TASK TO COMPLETE. Pictures excluded, copy word for word the lines from the one holding "Gray cotton Jacket" through the last line below.

SUPPLIED MATERIAL.
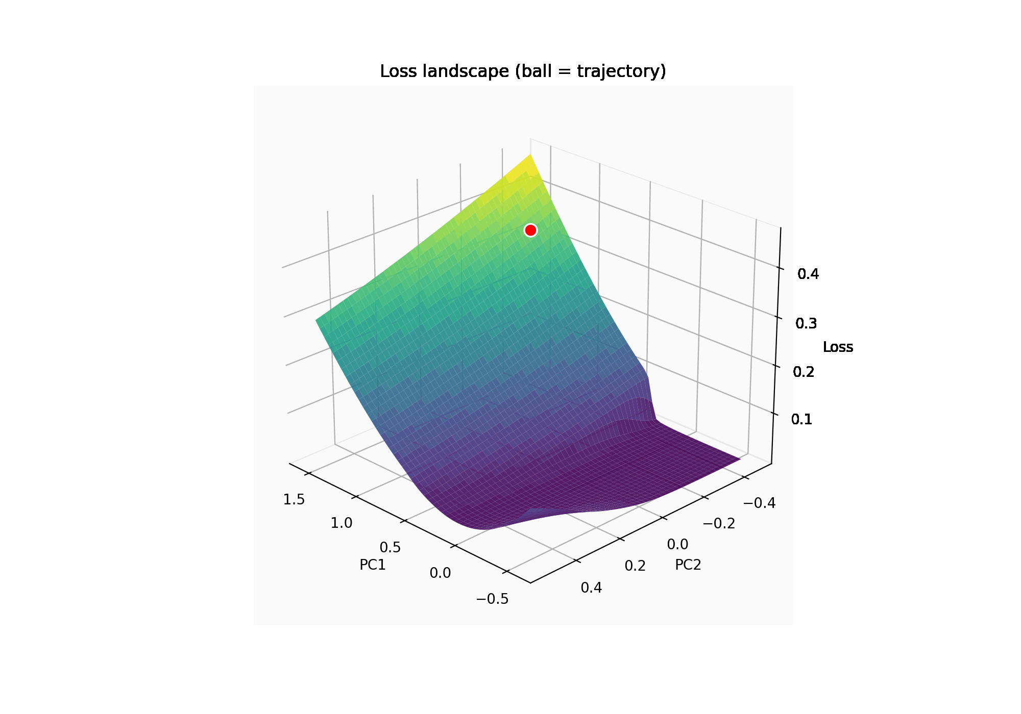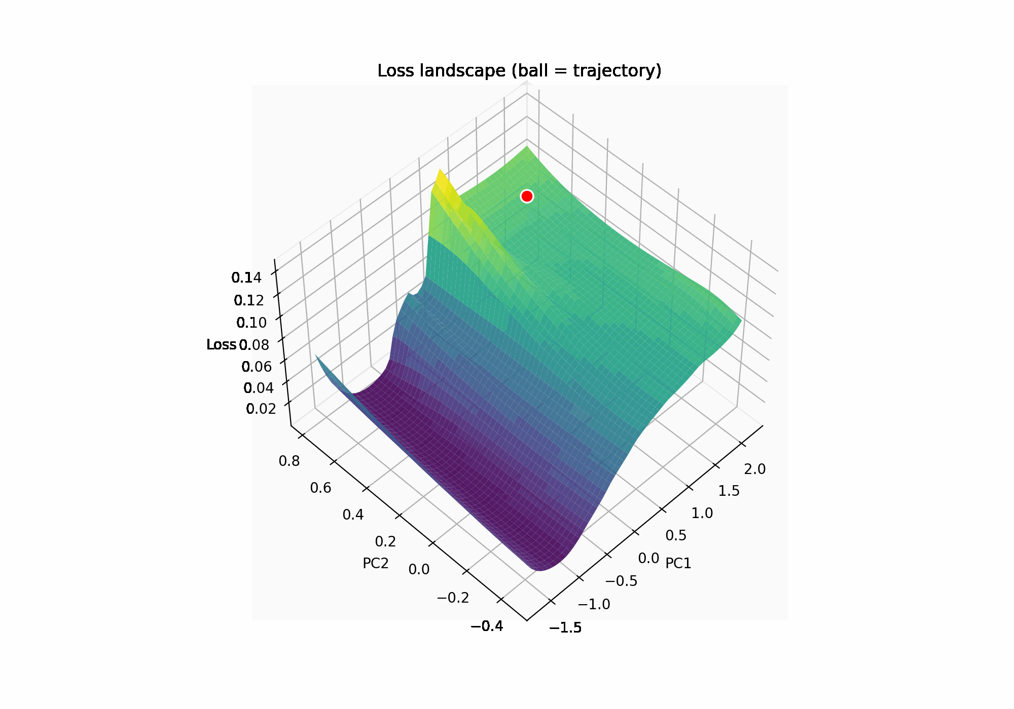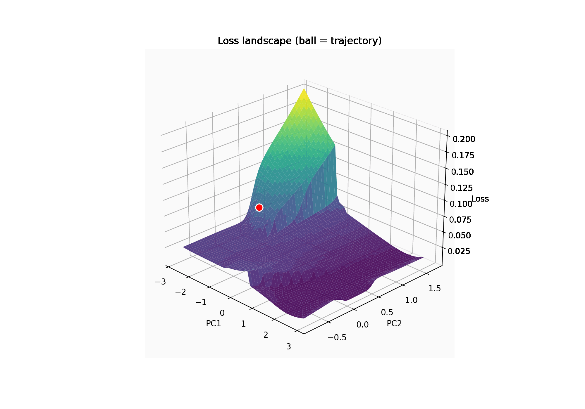 I love picturing optimization as “a ball rolling down a hill”. However, real loss landscape of neural networks are very high-dimensional. A convenient way is to apply PCA to weight trajectory, but unfortunately this does not capture local information well (see my prompt below). A obvious problem is that the trajectory points do not lie exactly on the 2D PC plane.
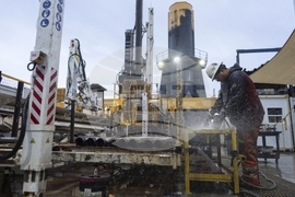 Drilling team member Lalo Aguilar works on inner tubes during an Expedition 501 wireline core drilling operation aboard the Liftboat Robert platform, in the North Atlantic, Sunday, July 20, 2025. (AP Photo/Carolyn Kaster)
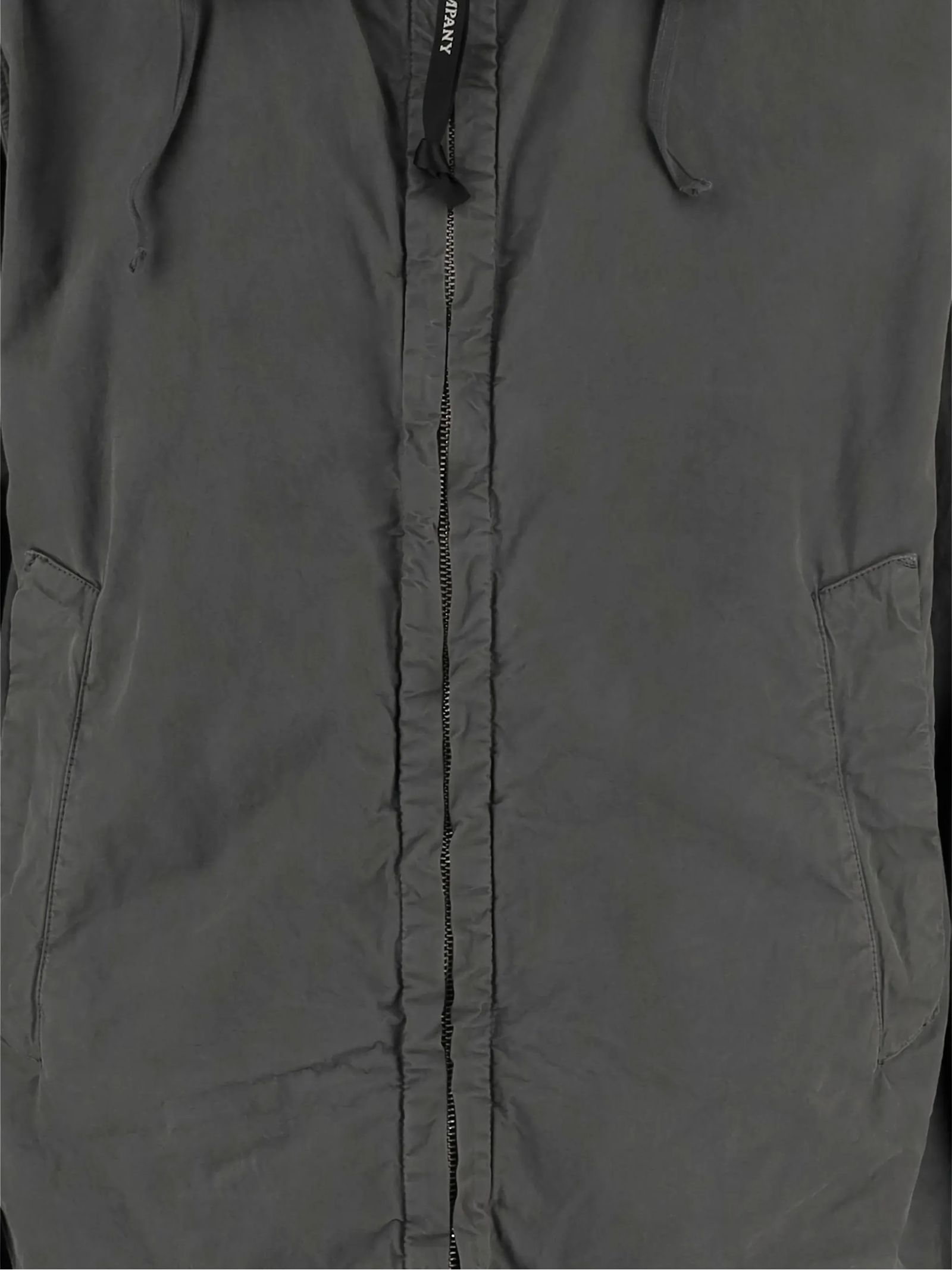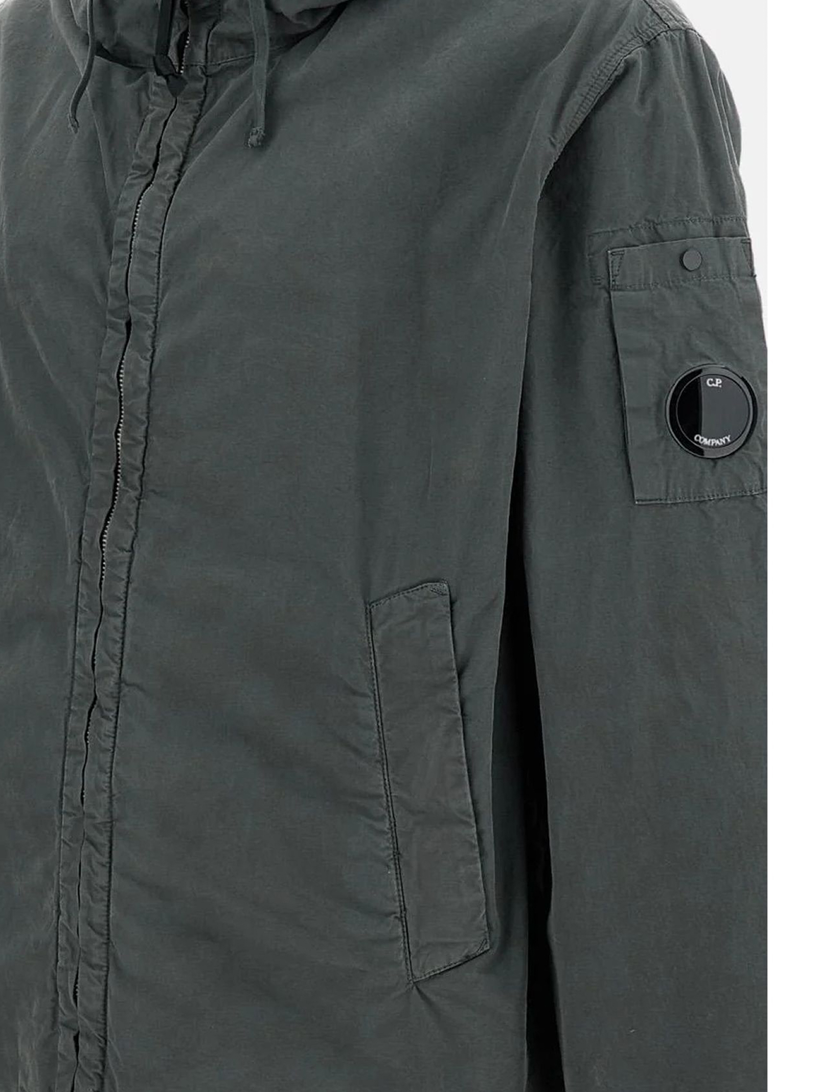 Gray cotton Jacket with a high collar, a fixed hood adjustable with a drawstring, a front zipper closure, two side pockets, long sleeves, and buttoned cuffs
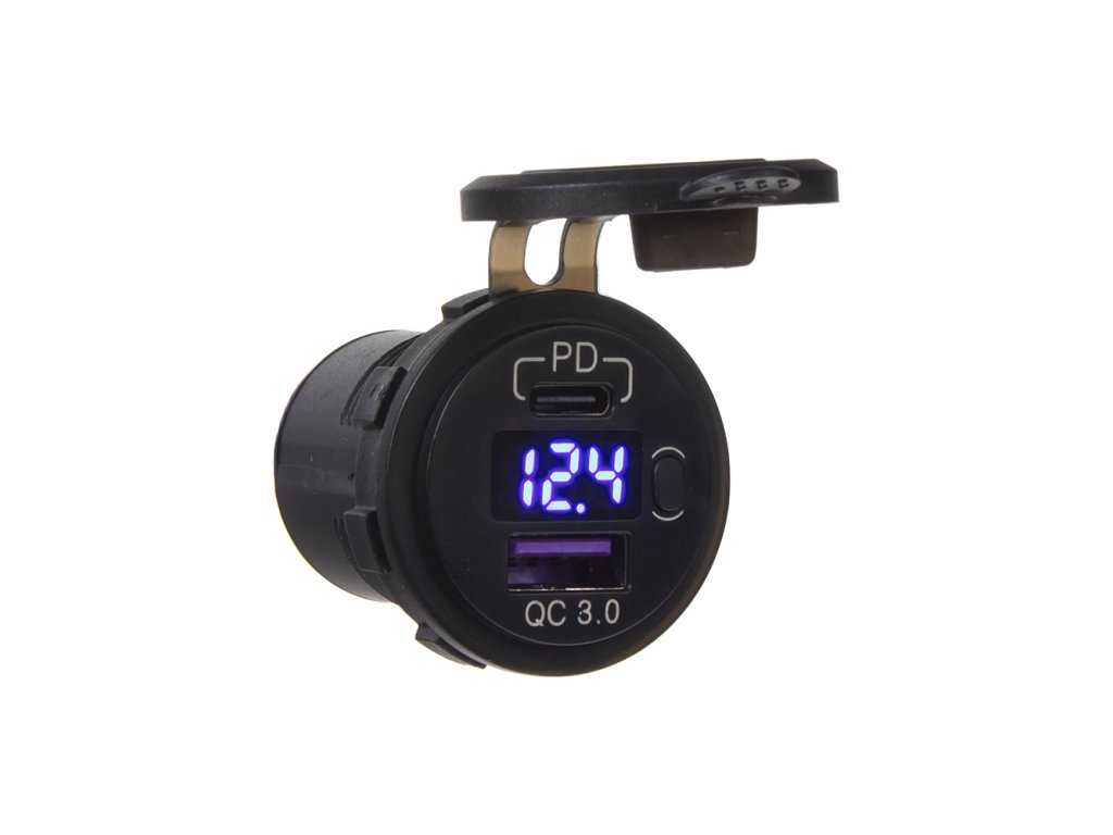 x USB nabíječka QC3.0 + USB-C, digitální voltmetr do panelu

OUTPUT OF THE EXERCISE.
 Gray cotton Jacket with a high collar, a fixed hood adjustable with a drawstring, a front zipper closure, two side pockets, long sleeves, and buttoned cuffs
 x USB nabíječka QC3.0 + USB-C, digitální voltmetr do panelu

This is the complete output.